A LENDA DO CASAL CHATERVEELL - Conto de Terror - Max Miranda



A LENDA DO CASAL CHATERVEELL
Max Miranda
(Conto finalista do I Concurso Literário “Contos Grotescos” – Prêmio Edgar Allan Pöe)


Estranhos envolvidos numa alma insone. Manhã fria: quem não acordou ali, morto permanece. O silêncio escorre entre as primeiras listras luminosas, inacabadas luzes. A casa cabia poucas frestas. Úmida. Amanhece, e um fio de palavras distantes ocupa o vento, rasteja até aos ouvidos de hóspedes e humildes. O casal acorda. Não anuncia o despertar. O lugar, sempre aos pés do medo, se encarrega de abrir os olhos de todos.

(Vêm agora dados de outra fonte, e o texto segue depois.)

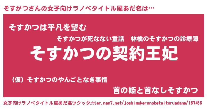 | 男性向けラノベタイトル風あだ名 | 『そすかつという概念が存在しない退屈な世界 』 |

Os dois descem a escadaria. “Sorrir é uma desgraça”. Ele concorda com um sinal forçoso nos lábios. No último degrau, pronuncia: “Seres de Chaterveell, não morram por amor. Saibam, atiro a morte aos amantes dos maus desejos”. Terminou a fala e sentaram num sofá vinho de respingos vermelhos. Vozes aumentam. Agitação e desequilíbrio na sala. Ninguém imagina o fim da manhã ou o começo da noite. Um barulho deixa a atmosfera indecisa. Não podem correr os convidados. Não há saída. Há agonia.

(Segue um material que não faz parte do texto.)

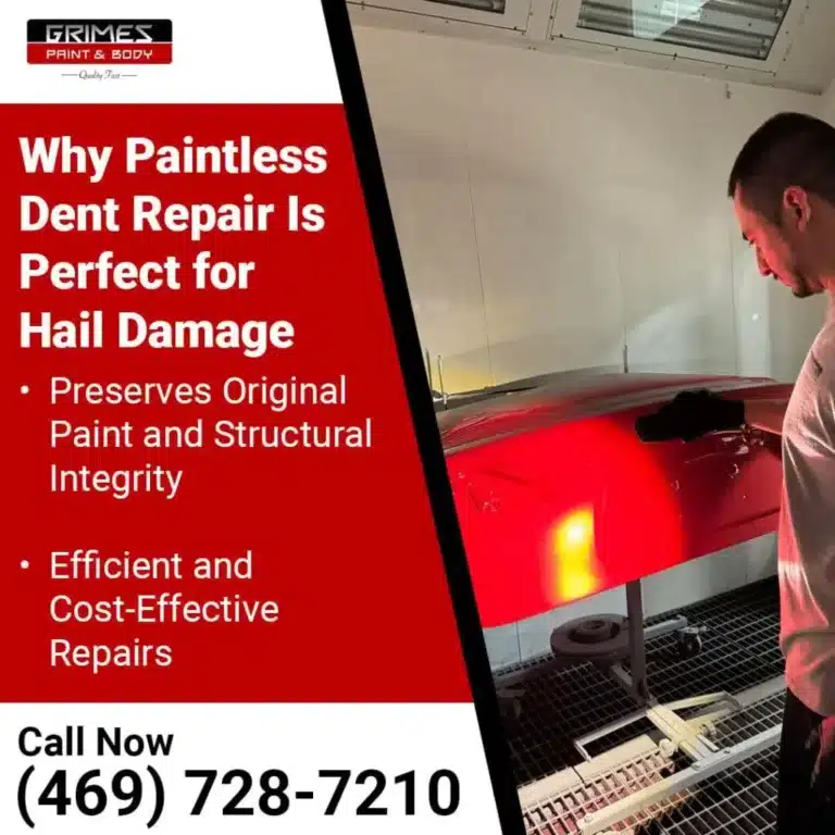Hailstorms are a common challenge for vehicle owners in Forney, TX, often leaving behind dents that affect both appearance and safety. Grimes Paint & Body specializes in paintless dent repair (PDR), providing a reliable and efficient solution for hail damage. Unlike traditional repairs, paintless auto dent repair preserves your vehicle’s original paint and manufacturer standards, offering a safer and cost-effective alternative. Knowing the benefits and costs of PDR is necessary for Texas drivers looking to restore their vehicles without compromising quality. Here, we’ll explore why paintless dent repair is the best option for hail damage and how Grimes Paint & Body prioritizes safe, high-quality repairs tailored to customer needs.

O som parece um bicho acuado, invadido na mata escura, e as árvores gritam de dor. Muito barulho. Todos querem correr, mas as pernas obedecem somente ao medo. “Não sabemos das respostas”, comenta uma humilde, desgraçada entorpecida, cheia de manchas de sangue, numa na cadeira de cinco pernas, ao lado do casal. A fúria velada deles escuta corações, e quer saber dos desesperos ainda mais de perto.

“A miserável demais morre queimada, furada por chifres, esmagada por bichos alados. E facões de aço dão fim à cabeça. Esse é meu terror salivado aqui na casa de chamas brutas”, perturba a bela Chaterveel. “Cansei de ver, quero participar. Sejamos”, e aponta aos coitados. “A maldade aplicada descarna. Maltrato com prazer. Homens e mulheres rolam no fel dia após dia. Seremos os doentios adoradores do corpo”, ele completa a loucura.

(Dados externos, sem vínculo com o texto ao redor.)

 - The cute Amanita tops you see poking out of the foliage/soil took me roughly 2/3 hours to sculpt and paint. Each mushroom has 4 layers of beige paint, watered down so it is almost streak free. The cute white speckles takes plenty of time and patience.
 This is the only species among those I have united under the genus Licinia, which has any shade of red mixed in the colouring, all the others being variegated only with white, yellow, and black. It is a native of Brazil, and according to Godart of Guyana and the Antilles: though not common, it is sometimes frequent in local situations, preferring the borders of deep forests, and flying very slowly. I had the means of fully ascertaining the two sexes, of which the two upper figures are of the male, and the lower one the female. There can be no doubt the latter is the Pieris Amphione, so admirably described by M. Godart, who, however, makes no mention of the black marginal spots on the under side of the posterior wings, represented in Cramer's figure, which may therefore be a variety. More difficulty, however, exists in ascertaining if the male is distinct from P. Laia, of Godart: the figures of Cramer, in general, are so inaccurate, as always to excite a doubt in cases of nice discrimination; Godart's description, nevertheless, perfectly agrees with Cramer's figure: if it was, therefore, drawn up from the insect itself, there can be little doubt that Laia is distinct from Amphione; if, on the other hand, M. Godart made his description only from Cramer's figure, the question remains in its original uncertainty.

“A Alma do prazer está em nós. Vamos aliviar nossas penas, seres de carne! Não amem nada agora, comam!”. A leitura sempre pela manhã fresca, na casa dos Chaterveell. O mausoléu é abraçado por enormes trepadeiras. Janelas e grandes portas rangidas – gritam para abrir. A matança acontece nas sacadas principais. O quarto do casal Chaterveell é um infinito mistério. Quem passa pela casa dos Chaterveell, jamais sobrevive sem as ordens da morte. Os amantes são os fiéis protetores e serviçais. “Trabalha, ser. Assim sustentamos a vida que lhe és digna”, mais um trecho marcado no Livro do Fogo. Suas letras saltam selvagens como labaredas. Ninguém desafia a inteligência do casal. Sabedoria é a seta em brasa que fura o coração dos amantes. Tinham a chance de convidar o gado para cear no Salão dos Ecos do Prazer.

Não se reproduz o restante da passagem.